Rehousing of asylum seekers

A second proposal in the asylum package seeks to improve the Dublin regulation of 2003. The purpose of this regulation was to ensure access to the asylum application procedure and guarantee swift processing of applications, while preventing multiple applications by one person in several different Member States. The proposals seeks to guarantee higher standards of protection for individuals and cope better with situations in which the reception capacity of asylum systems of the Member States are under particular pressure. It lays down deadlines to make the procedure for determining responsibility more efficient and quicker. It also includes provisions guaranteeing that all the needs of those applying for international protection are covered and that sufficient legal guarantees are laid down, such as the right of appeal against transfer decisions, including the right to legal aid, to representation and to family unification. It also reaffirms the principle that nobody may be placed in detention simply because they are applying for international protection.

The report by Jeanine Hennis-Plasschaert (ALDE,NL), which was adopted unanimously, backs these principles. However, it proposes that solidarity between Member States be enhanced by means of compulsory instruments such as the formation of teams of national experts to assist Member States confronted with a large number of asylum applications, and the creation of a rehousing programme to enable beneficiaries of international protection to be received by a Member State other than the one that granted them this protection.

Improving the Eurodac fingerprint database

The Dublin system could not work without a system for identifying foreign nationals who have already lodged an asylum application in another Member State. This system is Eurodac, a digital set-up for comparing fingerprints, which has been in operation since 2003. The proposal in the asylum package seeks to improve the general functioning of the system, to clarify the different stages of its operation and to lay down rules on data protection. Member States will be required to delete data no longer needed for the purposes for which it was collected. The report by Nicolae Vlad Popa (EPP-ED, RO), adopted by 28 votes to 4 with 3 abstentions, supports this proposal with some technical improvements.

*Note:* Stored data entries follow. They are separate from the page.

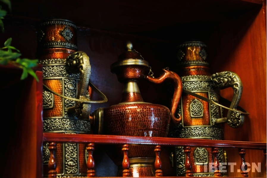 Des objets tibétains traditionnels aux caractéristiques ethniques marquées.
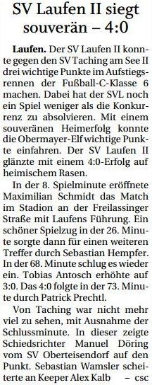 Die 2. Mannschaft des SV Laufen empfing am 28. April 2019, also genau vor 1 Jahr, den SV Taching am See II. Das Spiel in der C-Klasse 6 endete vor 50 Zuschauern auf dem Sportgelände des SV Laufen mit einem 4:0 Heimsieg des SV Laufen II.
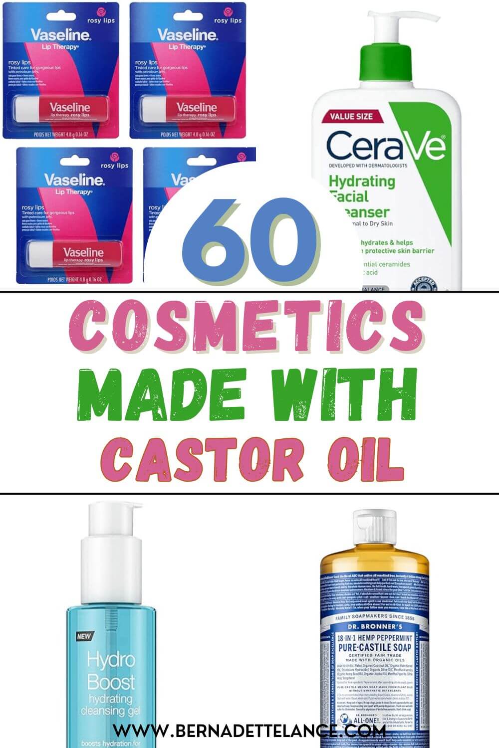 Whether you’re exploring castor oil uses for glowing skin, longer hair, or overall health, here’s your ultimate guide to 60 cosmetics and beauty solutions that include this miracle oil.
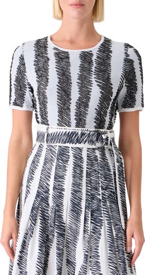 Inky scribbles rendered in jacquard designs brings a sense of joie-de-vivre to this short-sleeve sweater knit with shape-retaining stretch fibers.
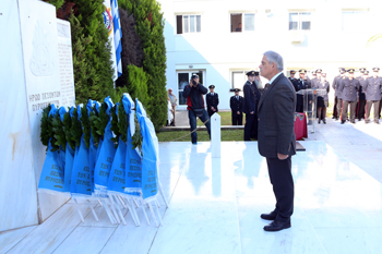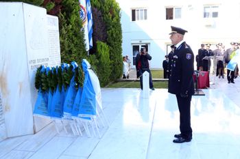 Ο Αρχηγός του Π.Σ. στην ομιλία του, τόνισε μεταξύ άλλων : «[…] Παρευρισκόμενοι όλοι εμείς σε αυτό εδώ τον χώρο, έχουμε ως καθήκον να θυμηθούμε τις πράξεις αυτοθυσίας των συναδέλφων μας και να δώσουμε όρκο αδιαπραγμάτευτο και απόλυτα σταθερό, ότι θα υπερασπιστούμε τα ιδανικά για τα οποία έπεσαν και τα οποία προσδιορίζουν και καθορίζουν διαχρονικά τη διαδρομή και την αποστολή του σώματος. Τους υποσχόμαστε ότι η θυσία τους δεν θα πάει χαμένη και ότι εμείς θα συνεχίσουμε το έργο τους με γνώμονα πάντα τον επαγγελματισμό και το αίσθημα ευθύνης απέναντι στον Έλληνα Πολίτη[…]»
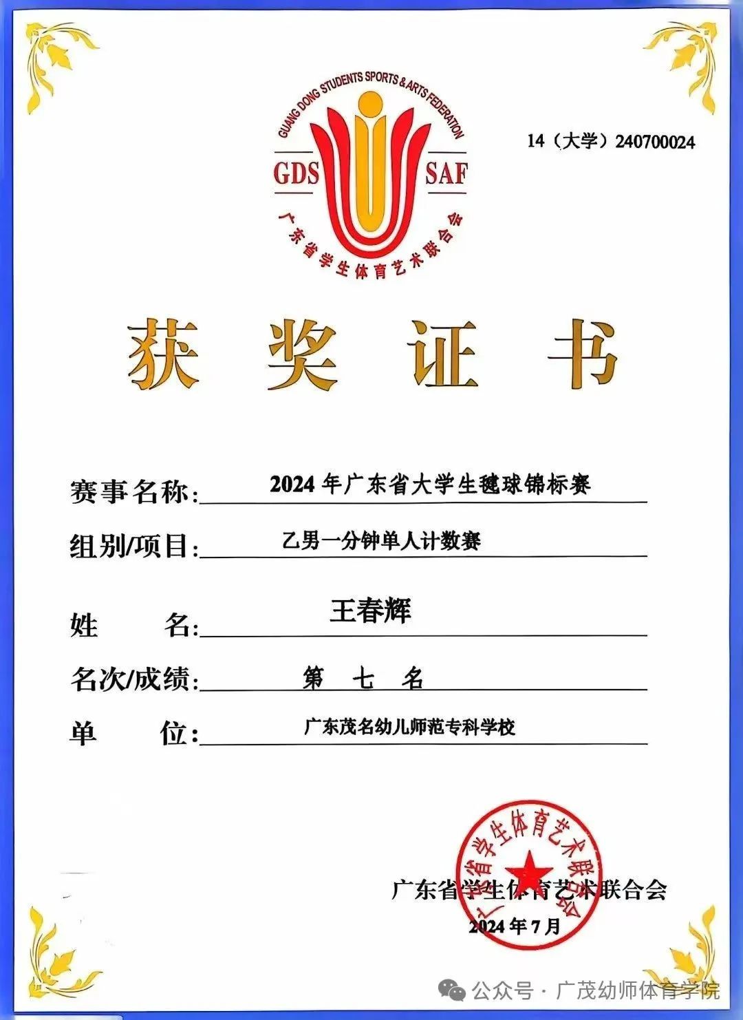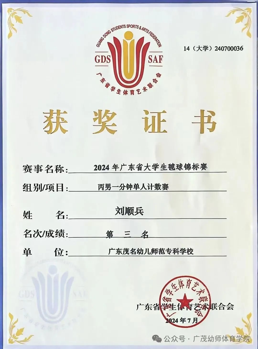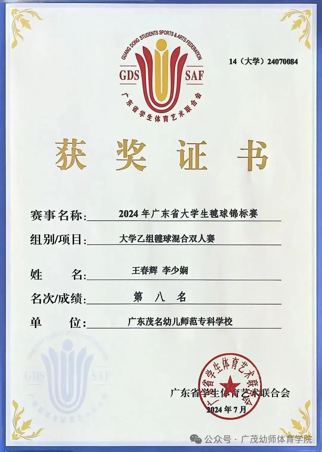 2024年广东省大学生毽球比赛,获乙组女子花毽一分钟计数赛第一名、丙组男子花毽一分钟计数赛第三名、乙组男子花毽一分钟计数赛第七名、乙组混双第八名、乙组团体排名第八名。
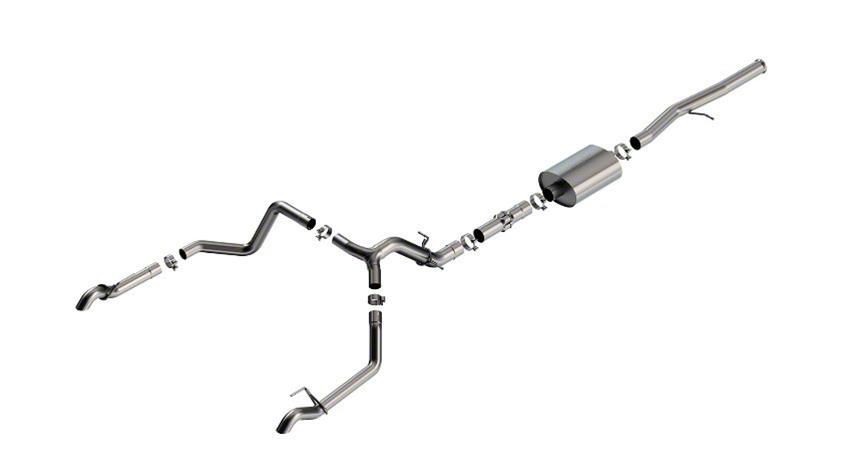 Application. The Borla ATAK Dual Exhaust System with Turn Down Pipes; Rear Exit fits all 2022-2023 GMC Sierra 1500 AT4X models.
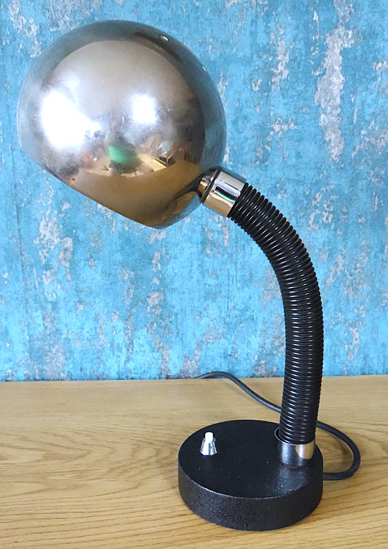 Vintage Space Age classic from Germany for a desk or design collection an Original Hillebrand table lamp model 7011-111, from the 1970’s. With a chrome-plated ball head, flexible gooseneck, and heavy cast iron base with a toggle switch. Works perfectly, with signs of previous use;
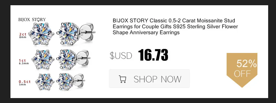 BIJOX STORY 0.5-2ct Multi Colors and Cuts Moissanite Stud Earrings S925 Sterling Silver Fine Jewelry Earrings For Women Wedding
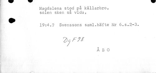 //// Magdalena stod på källarbro, //// solen sken så vida? //// ^^ 19:4.? Svenssons saml.häfte Nr 6.S.2-3. //// //// /I 3y ^^ //// I ÅBO //// ^ - //// f' //// j //// j //// * ////
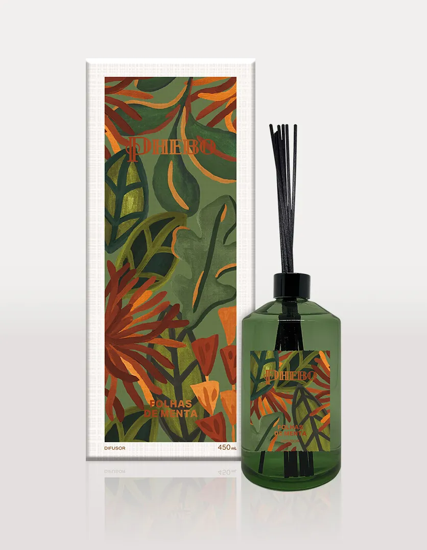 Inspirada nas tradicionais garrafadas de ervas do Pará, a linha Aromáticos destila o frescor vivo das plantas e ervas em combinações que exalam rusticidade e naturalidade. Folhas de Menta traz uma fragrância vibrante com notas cítricas e aromáticas, que despertam os sentidos com leveza e pureza. Com 85% de ingredientes de origem natural, o Difusor Folhas de Menta perfuma os espaços de forma contínua, exalando o frescor das ervas e plantas. Com um design sofisticado em vidro verde translúcido, sua embalagem valoriza a naturalidade da linha e transforma o ambiente em um refúgio de rusticidade e bem-estar. Vegano. Livre de corantes e parabenos. Conteúdo: 450ml.
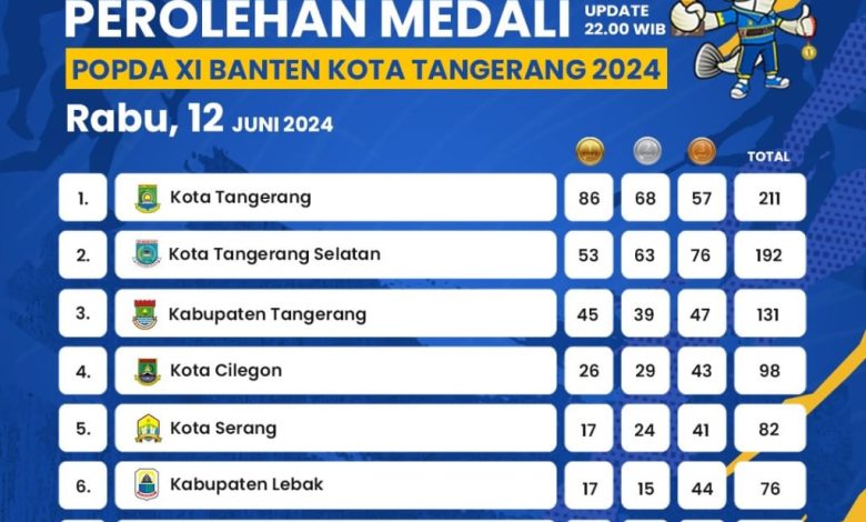 Secara rinci, 211 medali yang diraih Kota Tangerang ialah 86 medali emas, 68 medali perak dan 57 medali perunggu. Posisi dua dan tiga terpantau silih berganti antara Kota Tangerang Selatan dan Kabupaten Tangerang.
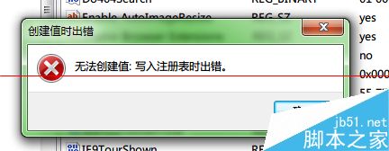 1、為了避免惡意修改IE設置,一般用戶沒有權限修改此路徑下的值,新建鍵值會彈出“無法創建值:寫入注冊表時出錯”,此時可以參考我之前寫的教程。
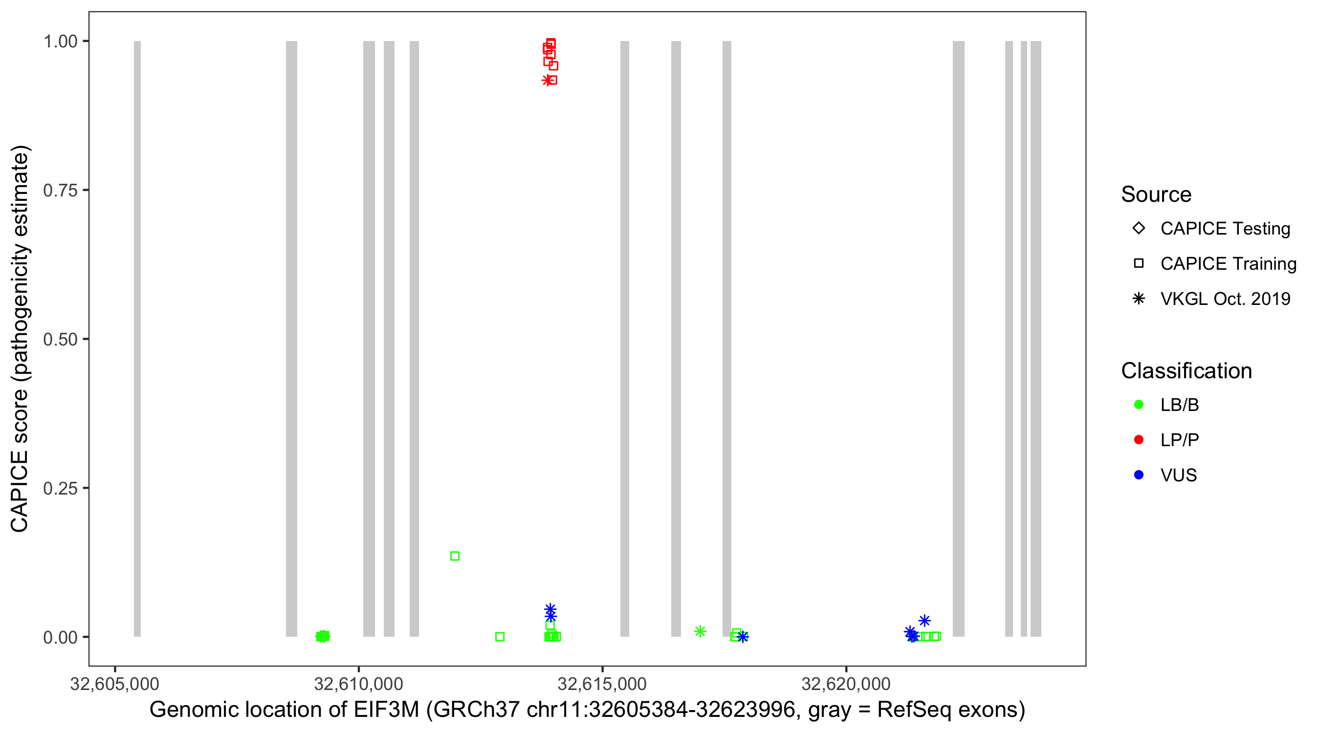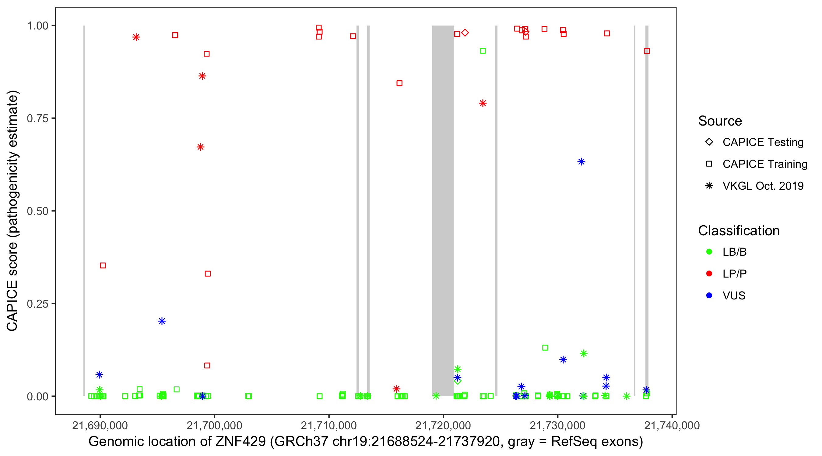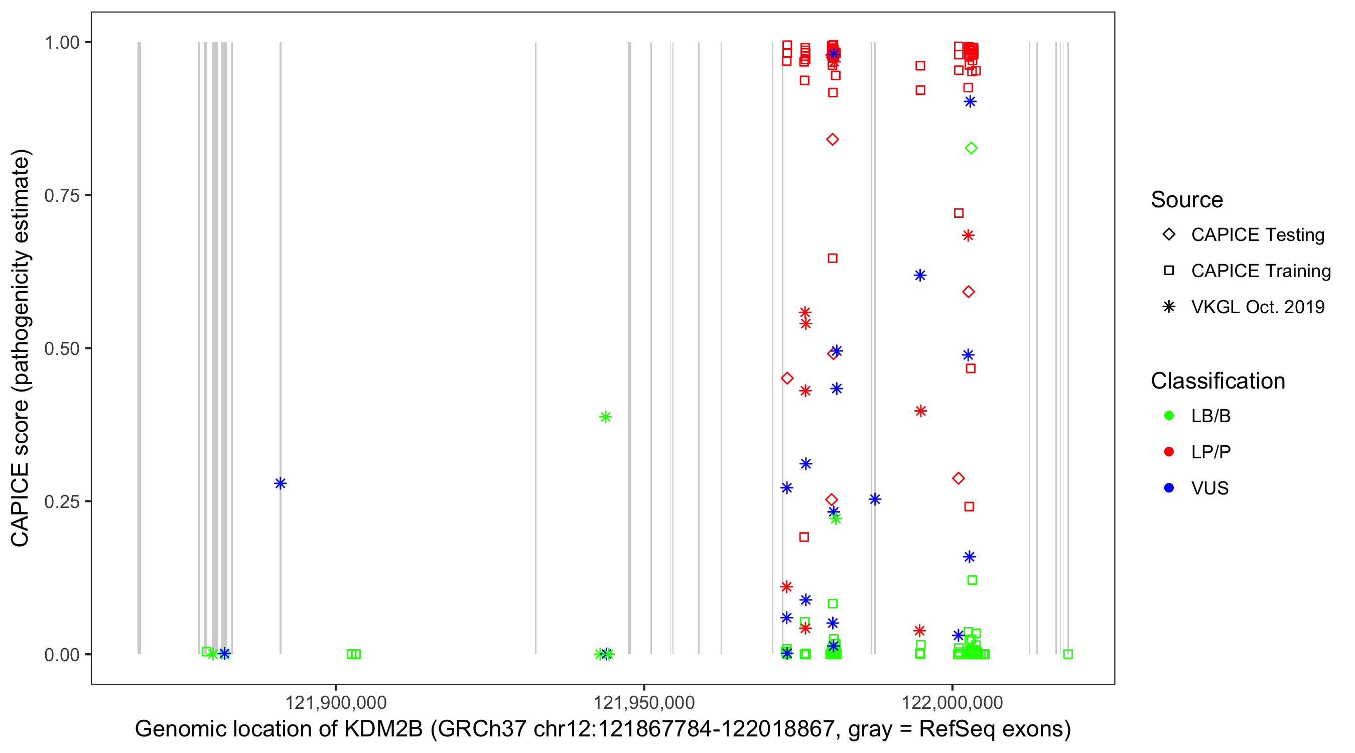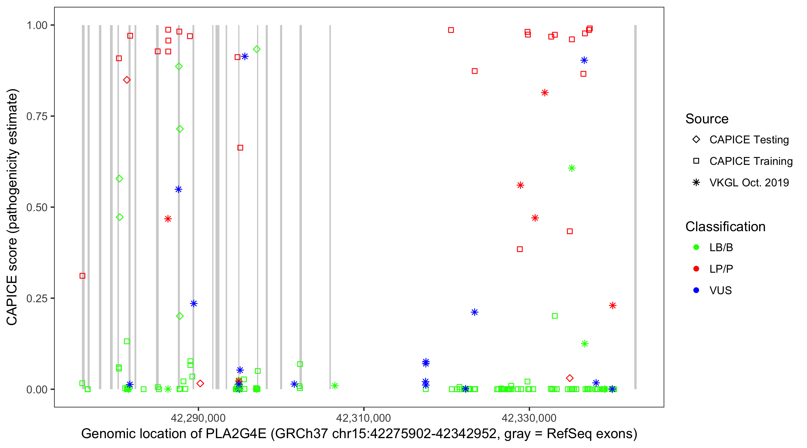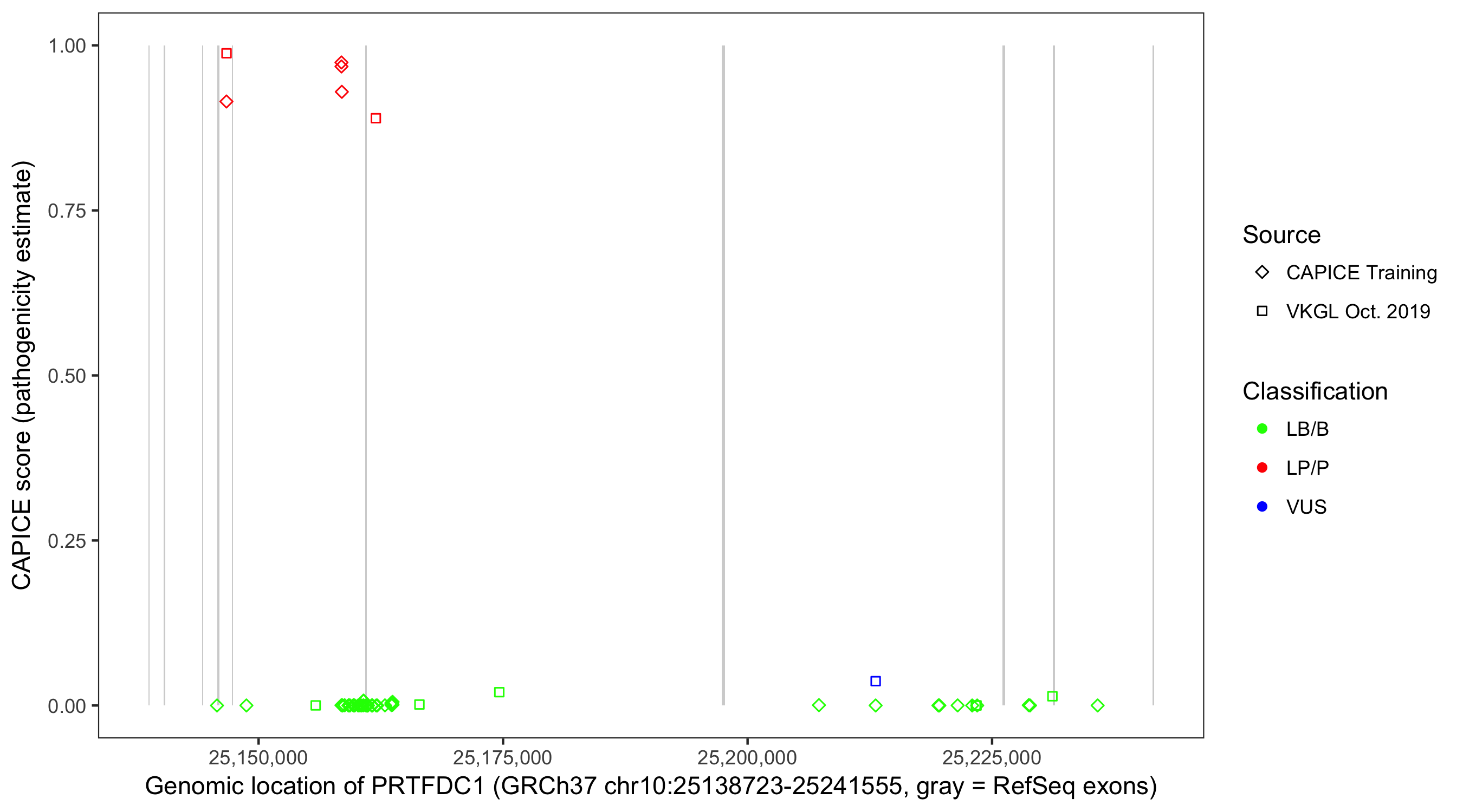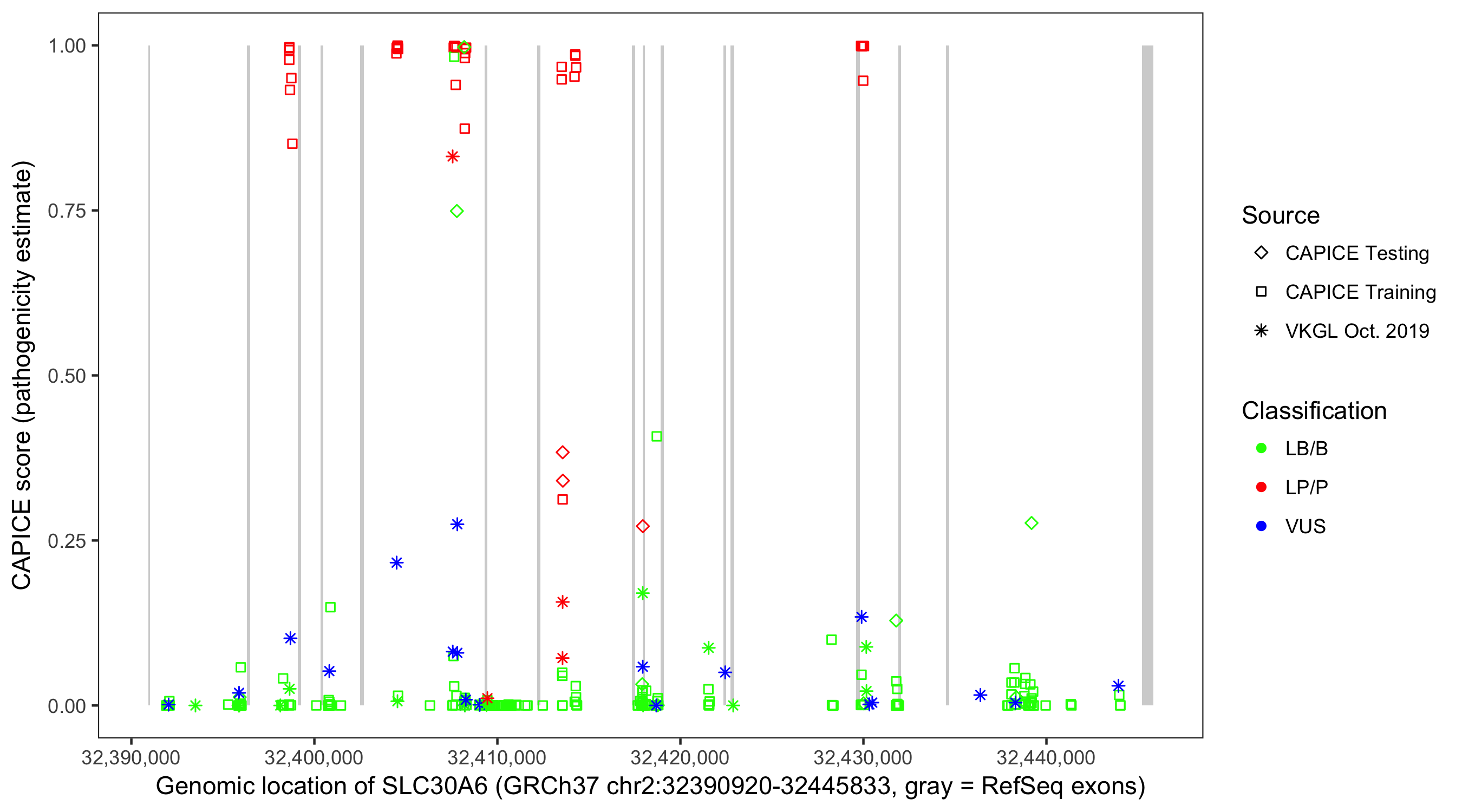 Shown are CAPICE train/test variants plus VKGL Oct 2019.

An office to help Member States

Lastly, the Civil Liberties Committee adopted, nem con with one abstention, a report by Jean Lambert (Greens/EFA, UK) approving the creation of a European Asylum Support Office. This body will provide expert assistance to help implement EU asylum policy and will boost cooperation between Member States and help those subject to particular pressures. MEPs want this office to develop, in conjunction with the UN High Commissioner for Refugees and relevant NGOs, training programmes on asylum for members of national civil services. The office must also put in place an early warning system to enable Member States and the Commission to anticipate large-scale influxes of applicants for international protection as well as a system of mandatory solidarity for rehousing beneficiaries of international protection of any Member States whose national asylum system are overloaded.